I have heard various politicians say that wages can only be increased by law. I was unpleasantly struck by the complete misunderstanding of the mechanism of the free market, so I decided to write this article to explain how the salary should be formed and why it is risky to use other pseudo-economic mechanisms.

Tanase StamulePhoto: Personal archive

The average wage in the economy is formed as a result of the interaction of demand and supply, which largely depends on labor productivity in the relevant industry. When we are talking about mostly skilled or highly skilled labor, minimum wage legislation has no effect because the market rewards workers according to the efficiency and productivity of their work. Thus, the average wage is formed at a level not limited by the conditions of the minimum wage, theoretically at a much higher level.

Unlike the average wage, the minimum wage is set by law and its role is to provide a minimum payment for work that is usually unskilled, low-skilled, or performed by young people with no experience, at the beginning of a particular career, or with low pay. educational level. The minimum wage is also provided to those who work temporarily or part-time. Thus, the minimum wage is addressed to the most vulnerable categories of workers.

When the minimum wage increases every year and significantly, it is no longer related to the efficiency and value of the work performed – let’s not forget that we are talking about especially unskilled labor, whose productivity or added value cannot increase by its very nature. to. For each uncorrelated increase in the minimum wage with productivity, firms using such unskilled labor prefer to retain fewer workers, because obviously firms’ resources do not increase as much as the minimum wage increases to afford the same number of workers and the productivity of workers is not higher either.

Employers will lay off some employees, and the workload and effort of the employee who will not be laid off will be greater. In other words, the earnings-to-labor ratio does not improve even for those who keep their jobs, in addition to the social costs of those who lose their jobs due to increased pressure on companies with increasingly higher wage costs.
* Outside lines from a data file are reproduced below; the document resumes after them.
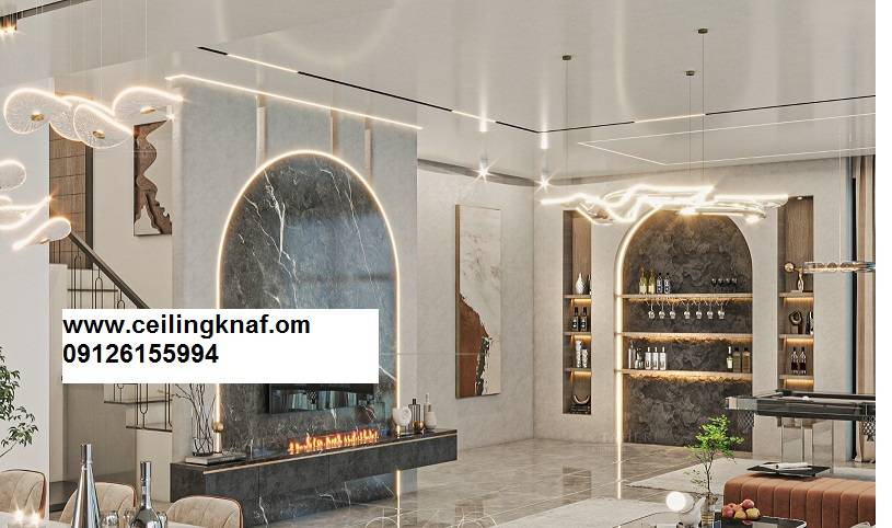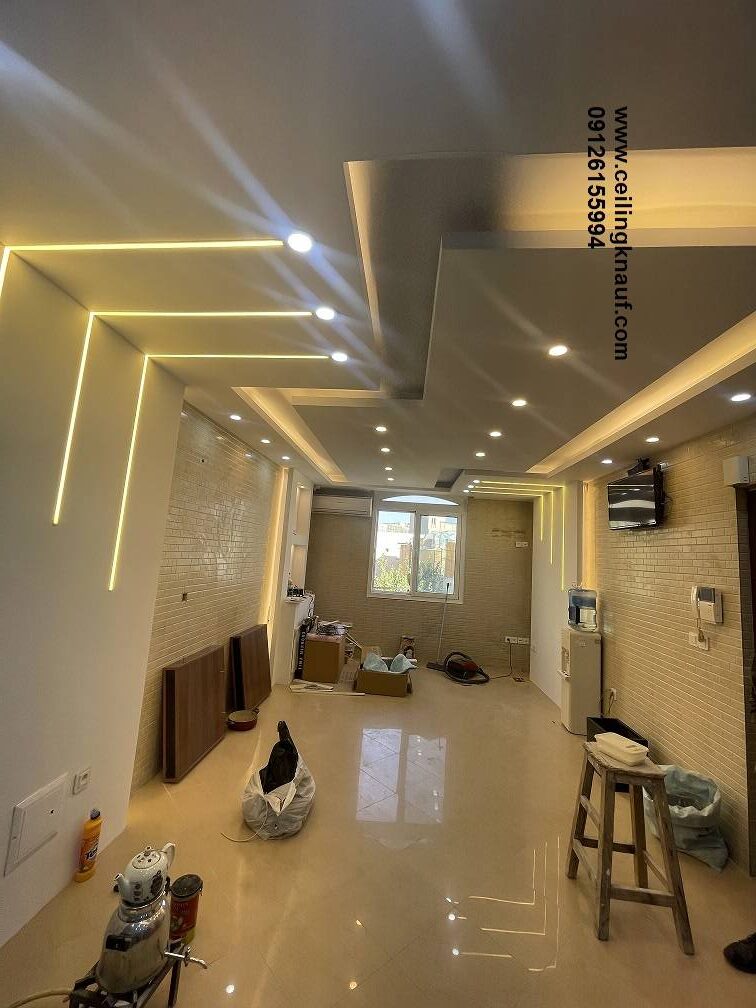 سقف کاذب کناف پذیرایی لاین نوری مدرن2023
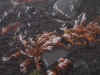出発すると、「風が強くて戻ってきた」という人が何人もいました(この日は発達した低気圧(一時は中心気圧が640hPa台)が三陸沖を北上していて、北アルプスでは遭難・死亡事故も起きていました)。一応行けるところまで行こうと出発。カルデラ内は風がない。でも、前掛山への登り、樹林が途絶えたところからものすごい風。登るに従い風はますます強くなります。20m/s以上、瞬間最大風速は30m/sを優に超えているでしょう。ときどき体がぐらつきます。さらに、ガスが枯れ草にぶつかるとそこで氷になります。その氷が風でちぎれて飛んできます。顔が痛い。
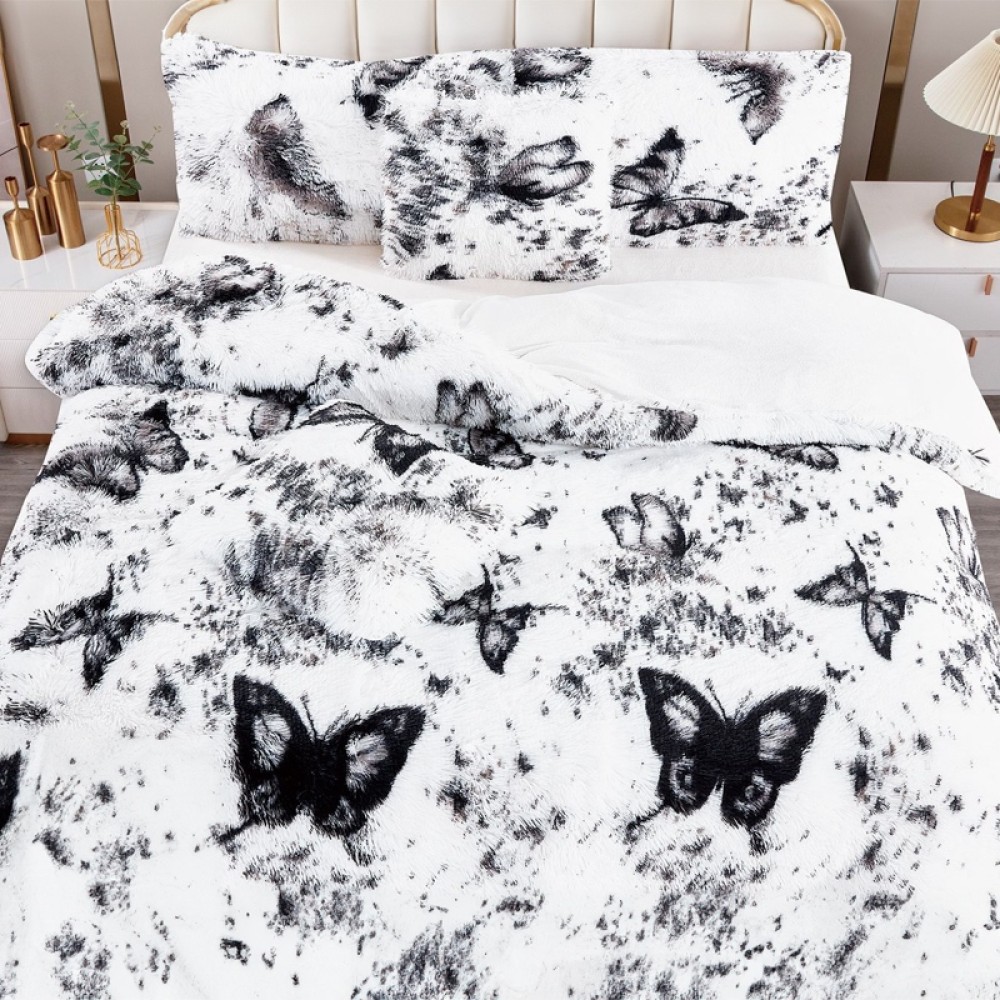 Lenjerie pat dublu, Super Pufoasa COCOLINO Fluffy, 6 piese, Alb, Negru, fluturi, East Romania, cod produs: EST-FL-12
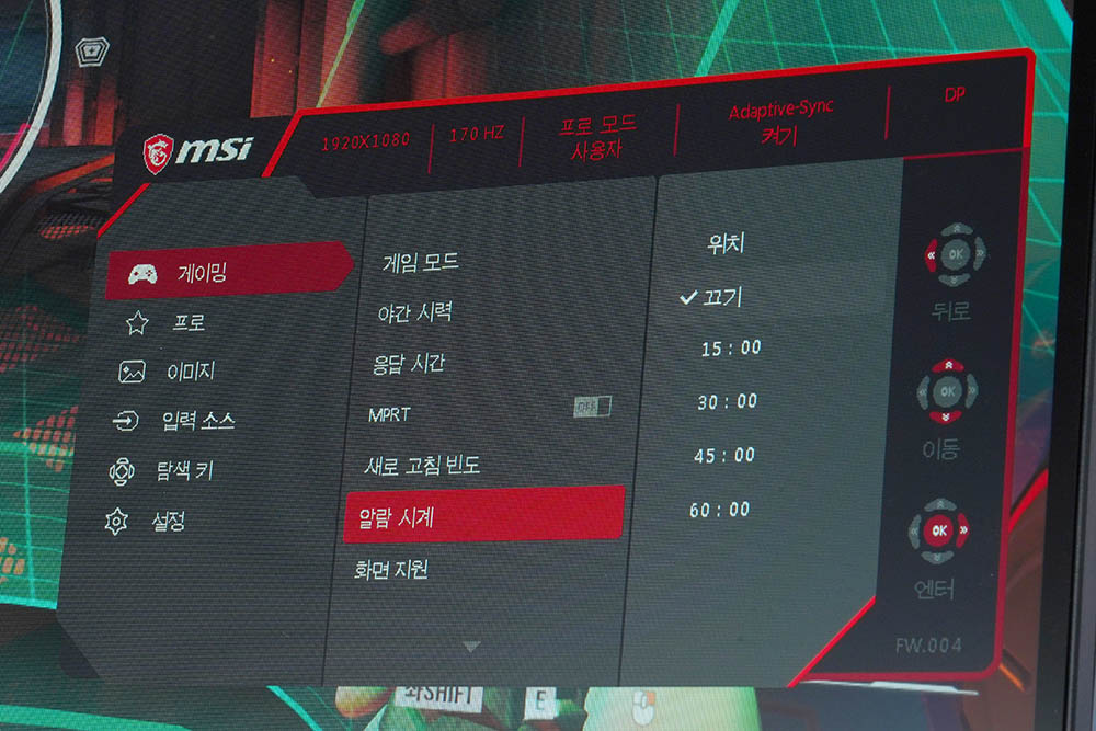 그리고 NVIDIA 지싱크호환이나 AMD 프리싱크 프리미엄 기능을 사용하려고 할 때는 게이밍 메뉴의 두 번째 페이지에 배치된 Adaptive-Sync 기능을 켜 놓아야지만 전용 프로그램에서 해당 옵션이 활성화됩니다.
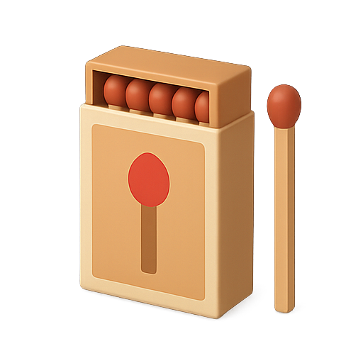 A minimalistic 3D representation of a matchbox and matchstick, designed with soft colors and smooth shapes. Ideal for product illustrations or creative projects related to fire safety or camping.
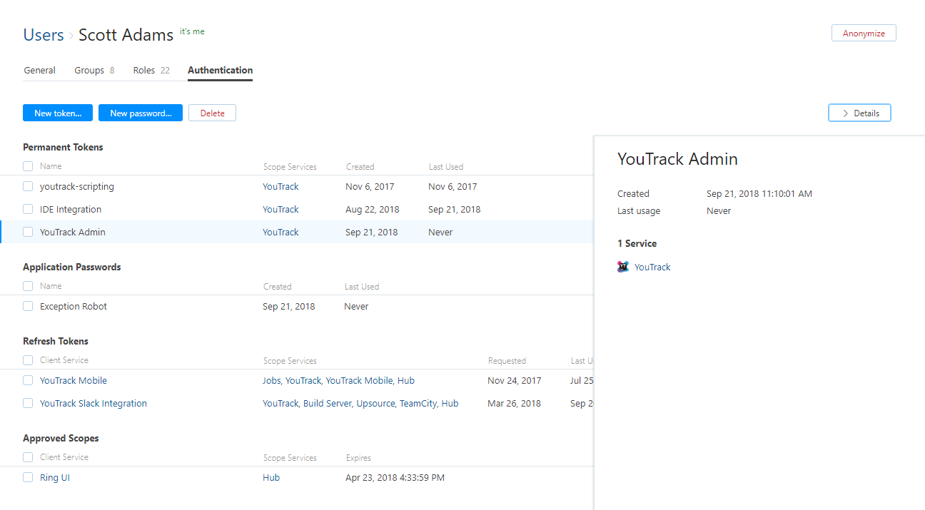 In YouTrack Standalone, permanent tokens allows developers to access and perform operations securely via REST API calls in their scripts and applications without implementation of more complicated OAuth 2.0 authentication flows. A permanent token allows access to YouTrack instance with the permissions that are assigned to the user account with generated it.
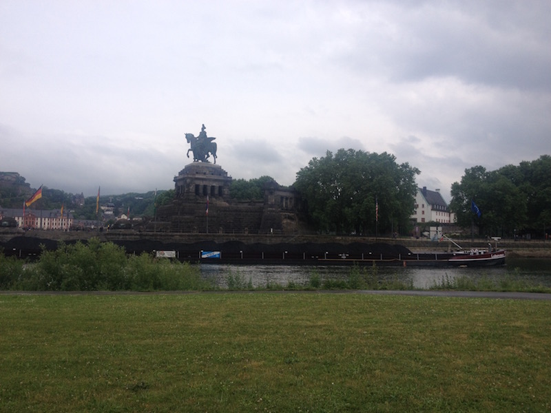Unsere Ankunft auf dem Campingplatz in Koblenz gegenüber dem Deutschen Eck war etwa um 16.30 Uhr (499 km). Nach einer kleinen Rast fuhren wir mit Liesel über die Mosel zum Deutschen Eck, um Kaiser Wilhelm zu besuchen, der wie wir den frischen Temperaturen trotzte. Danach machten wir uns auf zu einem Altstadtbummel mit anschließendem Abendessen am Rheinufer im Weinlokal Winninger. Das Essen dort ist wirklich ein Genuss. Nach Bummel und der abendlichen Stärkung fuhren wir mit der Liesel zurück zum Campingplatz. Nachts war es relativ kalt und es regenete zum Teil.
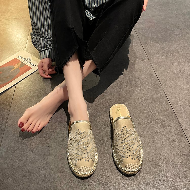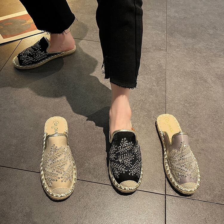 ミュールサマーレッドラインストーンサンダル 靴 シューズ 夏物 部族の婦人靴454673819
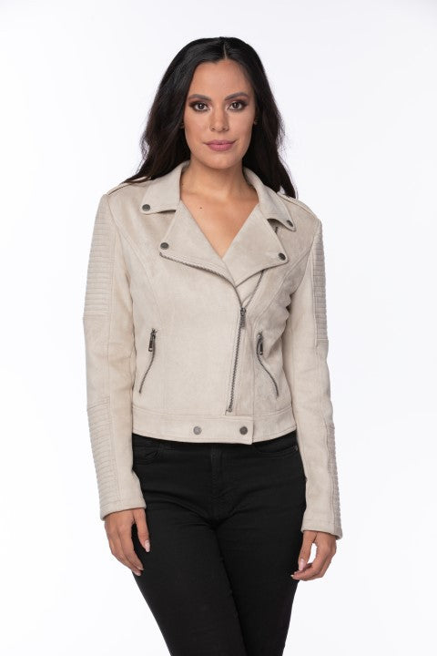 A cute and chic vegan suede moto jacket with snap buttons, ribbed stitching, side zip pockets, asymmetric zip front closure, and a lining.
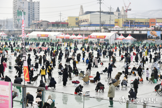 화천산천어축제가 시작된 10일 오전8시30분부터 축제장에는 얼음낚시를 즐기려는 관광객들의 발길이 이어지고 있다.
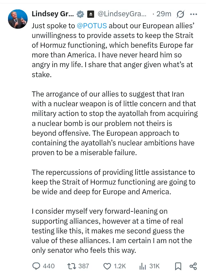 The senator warned that the consequences of limited cooperation could be severe, not only for Europe but also for the United States, as disruptions in the Strait of Hormuz could impact global oil markets and economic stability.
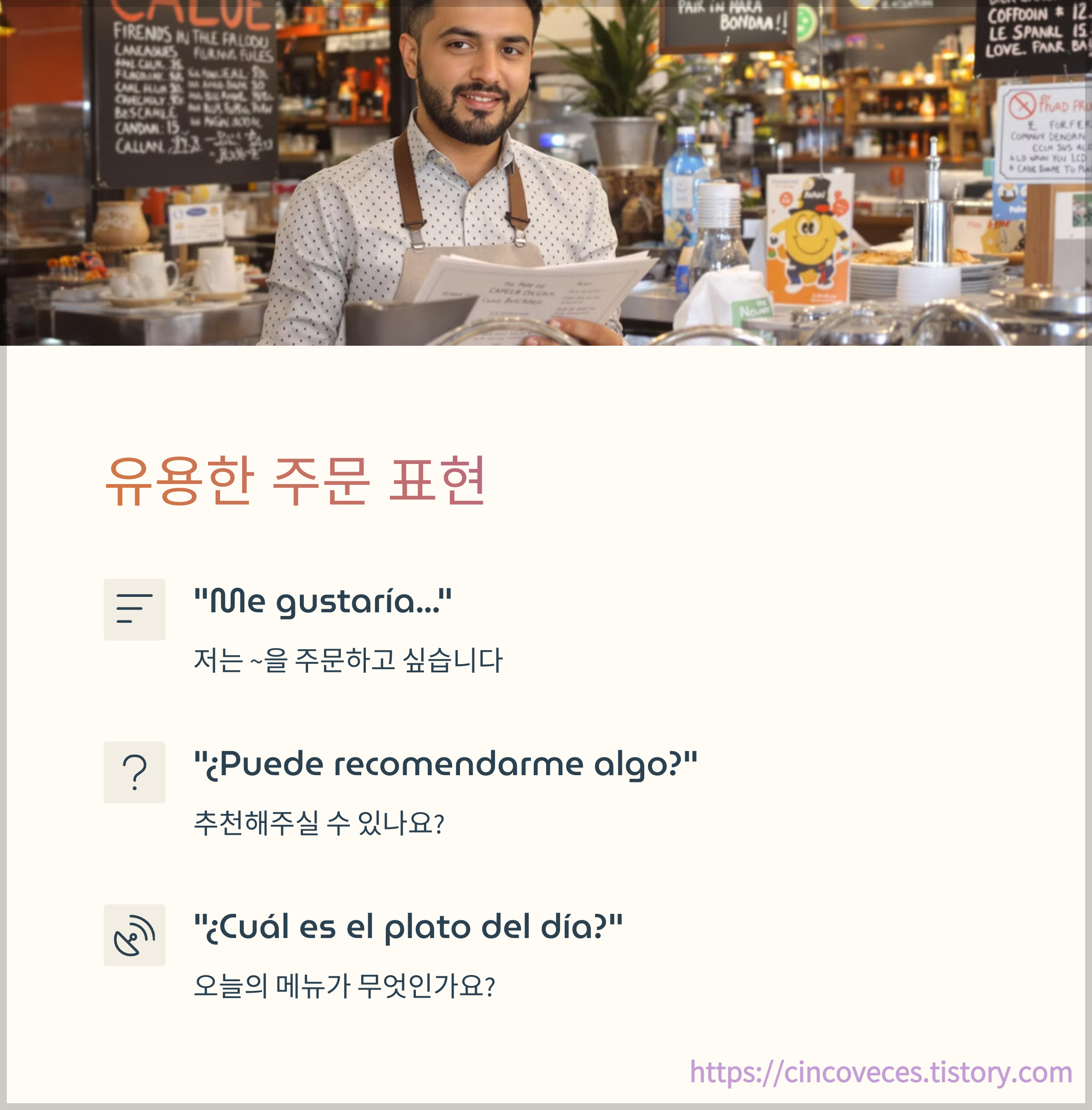 | [초급반 27일차] 초보도 바로 쓰는 음식 주문 스페인어 표현 총정리 (5) | 2025.03.28 |
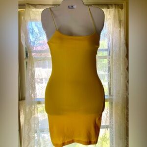 Brighten up your wardrobe with this stunning yellow spaghetti strap dress. Perfect for any occasion, this dress offers a sleek and elegant look.
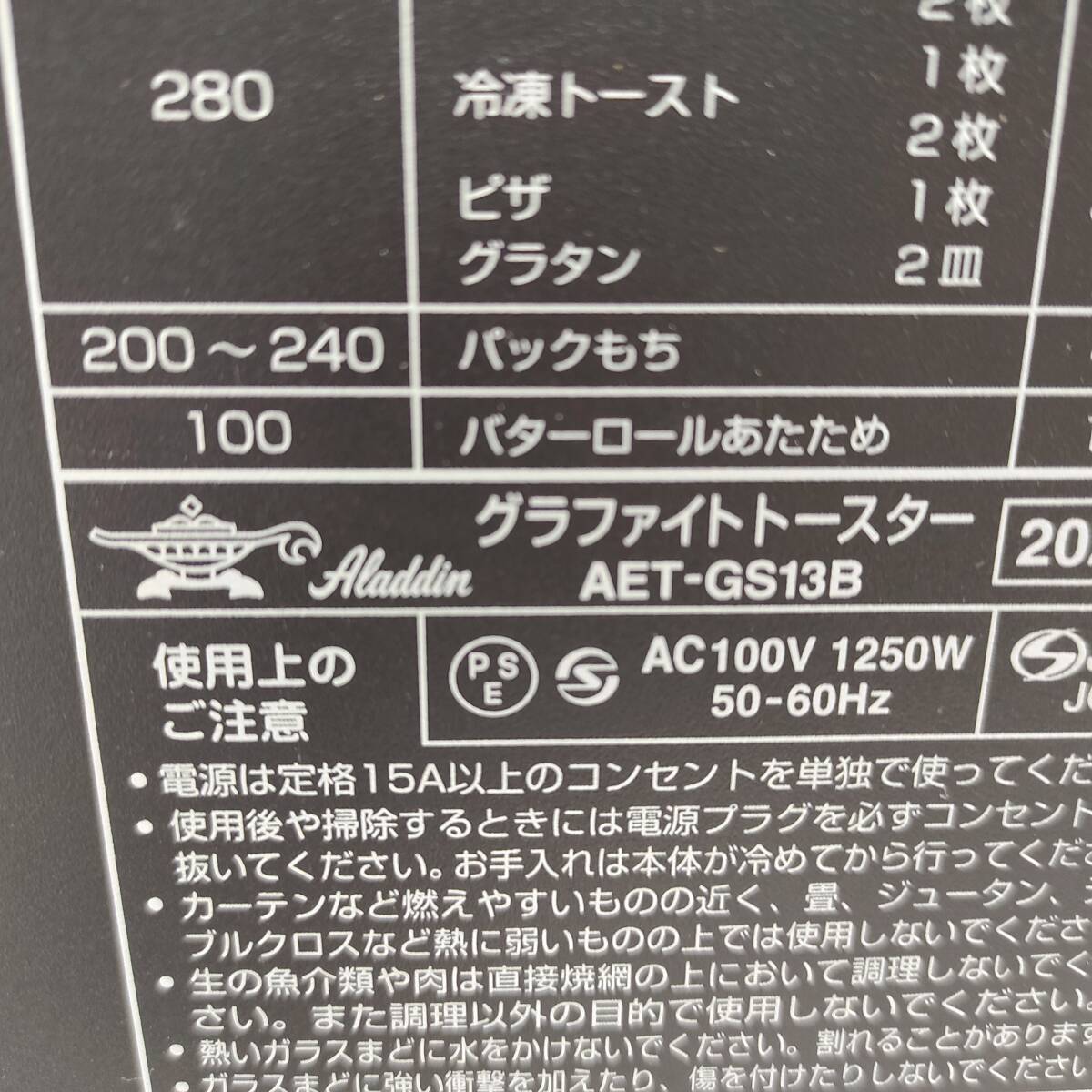 ●動作品 アラジン AET-GS13B グラファイトトースター Aladdin ブラック 2枚焼き 温度調節機能 2020年製 キッチン家電 L1455

On the other hand, middle-income workers, regardless of education and experience, see their wages increasingly closer to the minimum wage paid for unskilled work. As a result of the proximity or equality of purchasing power of unskilled and skilled workers, the claim of the latter for higher remuneration automatically arises, which makes a difference between the level of complexity and efficiency of skilled labor and repetitive, simple work. at no extra cost.

Inevitably, there is a negative psychological impact on skilled workers who see between their salary and the minimum a huge gap in skills rather than rewards. Two things follow from this: on the one hand, pressure on wage costs for all companies (both companies that employ unskilled labor, the pressure exerted by the minimum wage law, and companies that use middle-class labor or high-skilled, the pressure exerted by workers who feel they are underpaid compared to unskilled workers) leading to higher prices and ultimately inflation, and on the other hand, this pressure can lead to undesirable consequences such as informal payments to provide a wage package more attractive to skilled workers. or black is employed in the field of unskilled labor.

The conclusion is simple! Any increase in the minimum wage without correlation to worker productivity creates structural problems in the labor market, demotivates people with skills, and leads to layoffs among less skilled workers.

N. Red: Tenase Stamule is an associate professor at the Faculty of Business Administration (teaching foreign languages) at the Academy of Economic Studies. He teaches the courses “Business Management” and “Intercultural Management” in German. Dean of the Faculty of Business Administration, ASE.